» AIM OF THE TASK
Your answer must be an exact copy of the listing, with the images left out.

» SUPPLIED INFORMATION
--------------------

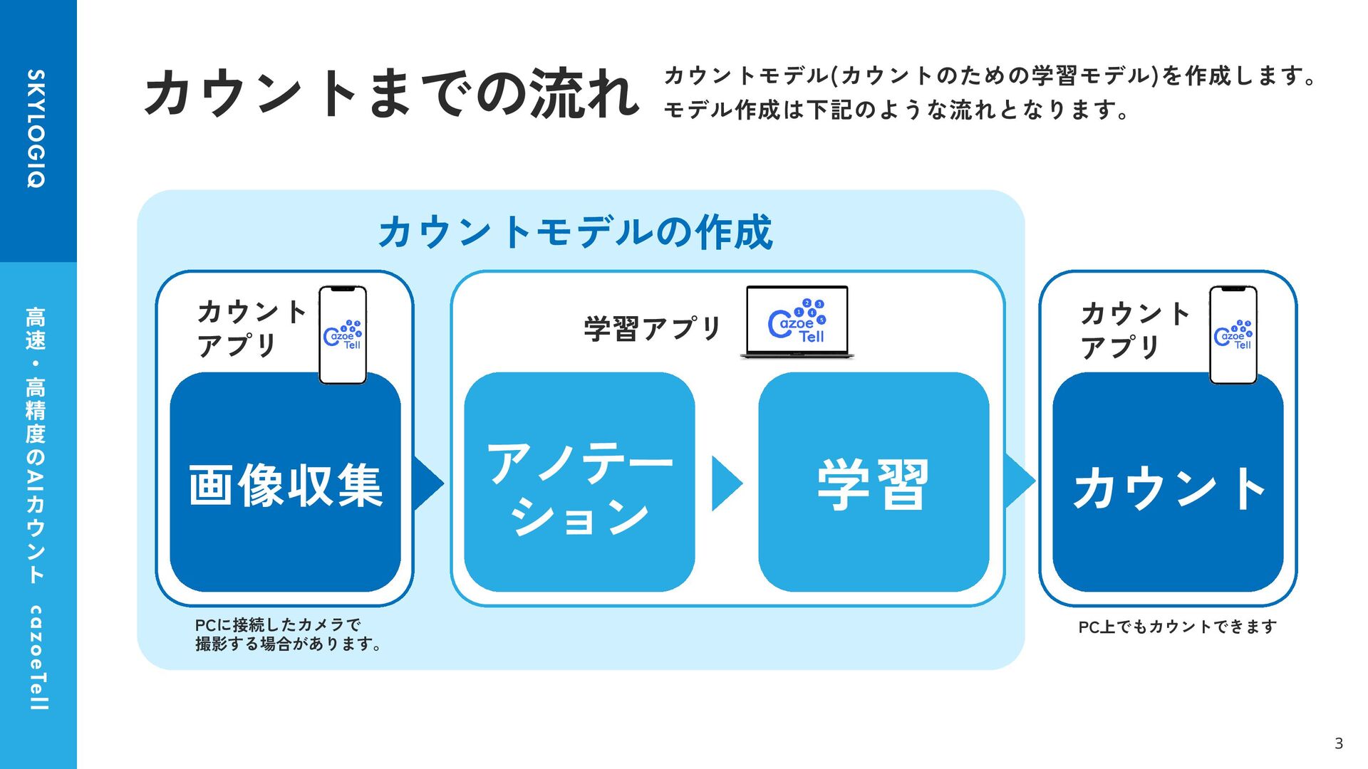 画像収集 PCに接続したカメラで 撮影する場合があります。 カウント アノテー ション 学習 高 速 ・ 高 精 度 の AI カ ウ ン ト SKYLOGIQ cazoeTell 3
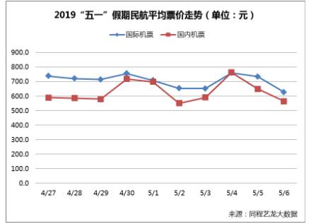 《報告》基於同程藝龍交通及機票大數據的分析顯示,“五一”假期期間民航和鐵路客流高峰主要集中在4月30日和5月4日,尤以5月4日的返程高峰客流量最為集中。4月29日開始,北京、上海、廣州、深圳、杭州、蘇州、西安、成都等城市鐵路、民航的出港客流將顯著上升,4月30日預計將形成節前出行客流高峰。返程客流高峰預計將出現在5月4日,這一天的機票票價水準也將是整個假期最高的。同程藝龍機票大數據顯示,“五一”假期期間的國內機票以5月4日的平均票價最高,達到了763元(不含稅費),甚至超過了同日國際機票的平均價格。4月30日的國內機票價格僅次於5月4日的返程客流高峰,平均票價為718元(不含稅費)。與國內航班相比,“五一”期間民航國際航班客流量波動相對較小,客流小高峰出現在4月30日和5月4日,平均票價最高為761元(不含稅費)。
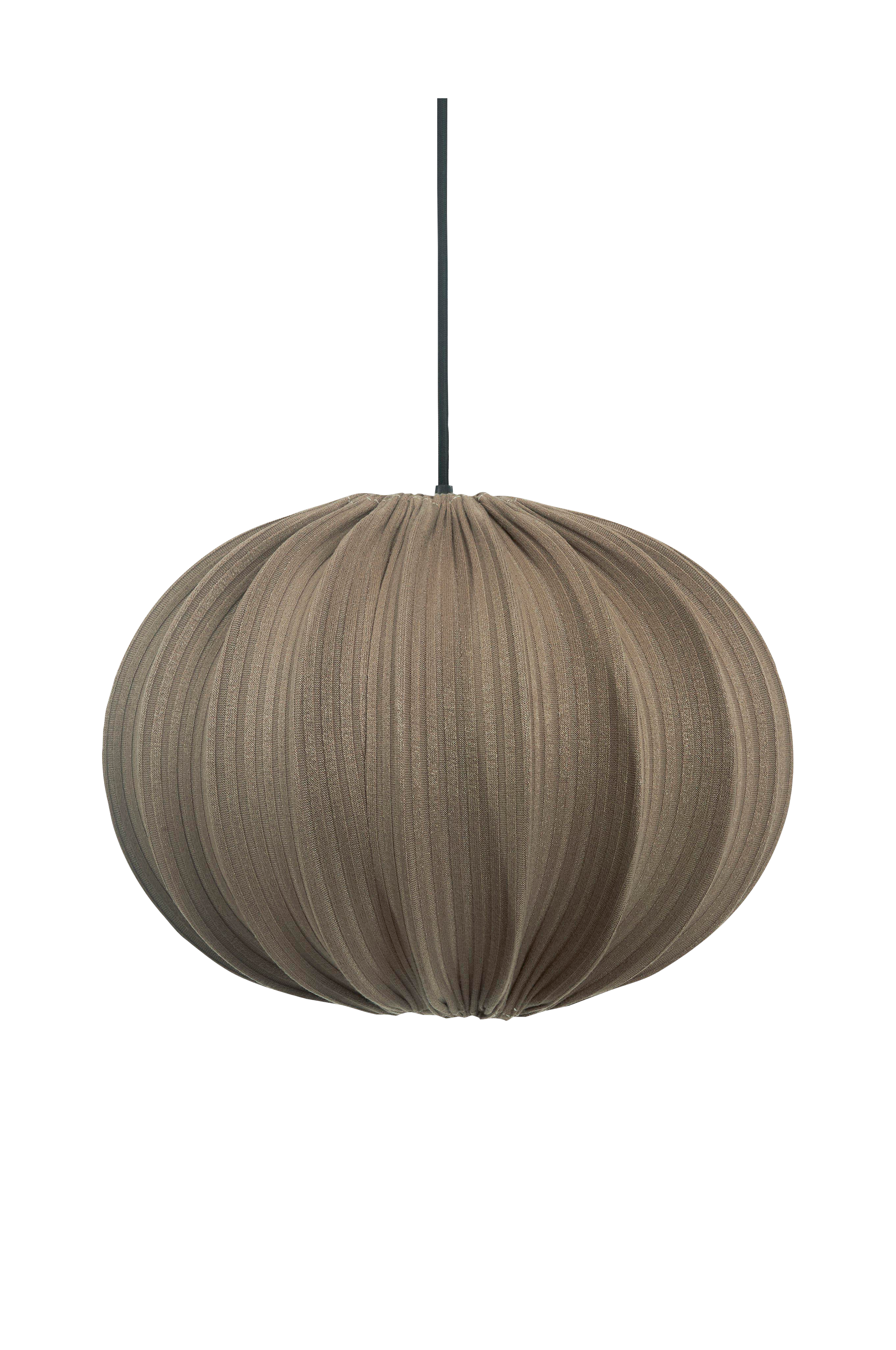 Hilma-kattovarjostin joustinneulostrikoota. Joustinneulosstruktuuri antaa kauniin valon lampun palaessa. Käytä mielellään opaalia valonlähdettä, joka luo kauniin valon varjostimeen. Osta kattojohto, kattopistoke ja valonlähde E27 erikseen.
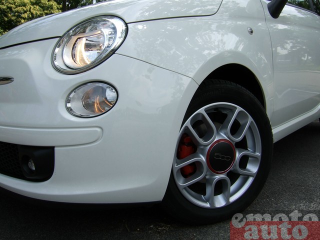 A la conduite, on apprécie rapidement la vivacité de la petite Fiat. Ses dimensions ramassées et ses roues aux "4 coins" assurent des réactions franches et instantanées. Sa direction assistée Dualdrive avec sa fonction "Sport" demande de tenir fermement le volant pour garder une trajectoire précise lorsque le revêtement se dégrade et que le rythme reste sportif. Ce mode peut être déconnecté par un bouton sur la console centrale tout comme peut l'être le contrôle électronique de trajectoire. Le plus surprenant est sans doute les suspensions très fermes et l'arrière qui fait preuve d'une détente très énergique à chaque passage d'une bosse. Si d'une façon générale la 500 s'est bien comportée avec ces suspensions qui lui donnent un petit coté "kart" et limitent le roulis, il est évident que pour le confort ce n'est pas la panacée sur des routes en mauvais état. En revanche, la 500 Sport dévoile rapidement un excellent freinage : avec ses quatre freins à disque et ses étriers peints en rouge pour la touche "racing", il se montre puissant avec une attaque franche qui permet de freiner très tard et même de plus en plus tard à condition de tenir le volant avec force pour maintenir son cap sur les freinages très appuyés.

--------------------

» YOUR SOLUTION
 画像収集 PCに接続したカメラで 撮影する場合があります。 カウント アノテー ション 学習 高 速 ・ 高 精 度 の AI カ ウ ン ト SKYLOGIQ cazoeTell 3
 《報告》基於同程藝龍交通及機票大數據的分析顯示,“五一”假期期間民航和鐵路客流高峰主要集中在4月30日和5月4日,尤以5月4日的返程高峰客流量最為集中。4月29日開始,北京、上海、廣州、深圳、杭州、蘇州、西安、成都等城市鐵路、民航的出港客流將顯著上升,4月30日預計將形成節前出行客流高峰。返程客流高峰預計將出現在5月4日,這一天的機票票價水準也將是整個假期最高的。同程藝龍機票大數據顯示,“五一”假期期間的國內機票以5月4日的平均票價最高,達到了763元(不含稅費),甚至超過了同日國際機票的平均價格。4月30日的國內機票價格僅次於5月4日的返程客流高峰,平均票價為718元(不含稅費)。與國內航班相比,“五一”期間民航國際航班客流量波動相對較小,客流小高峰出現在4月30日和5月4日,平均票價最高為761元(不含稅費)。
 Hilma-kattovarjostin joustinneulostrikoota. Joustinneulosstruktuuri antaa kauniin valon lampun palaessa. Käytä mielellään opaalia valonlähdettä, joka luo kauniin valon varjostimeen. Osta kattojohto, kattopistoke ja valonlähde E27 erikseen.
 A la conduite, on apprécie rapidement la vivacité de la petite Fiat. Ses dimensions ramassées et ses roues aux "4 coins" assurent des réactions franches et instantanées. Sa direction assistée Dualdrive avec sa fonction "Sport" demande de tenir fermement le volant pour garder une trajectoire précise lorsque le revêtement se dégrade et que le rythme reste sportif. Ce mode peut être déconnecté par un bouton sur la console centrale tout comme peut l'être le contrôle électronique de trajectoire. Le plus surprenant est sans doute les suspensions très fermes et l'arrière qui fait preuve d'une détente très énergique à chaque passage d'une bosse. Si d'une façon générale la 500 s'est bien comportée avec ces suspensions qui lui donnent un petit coté "kart" et limitent le roulis, il est évident que pour le confort ce n'est pas la panacée sur des routes en mauvais état. En revanche, la 500 Sport dévoile rapidement un excellent freinage : avec ses quatre freins à disque et ses étriers peints en rouge pour la touche "racing", il se montre puissant avec une attaque franche qui permet de freiner très tard et même de plus en plus tard à condition de tenir le volant avec force pour maintenir son cap sur les freinages très appuyés.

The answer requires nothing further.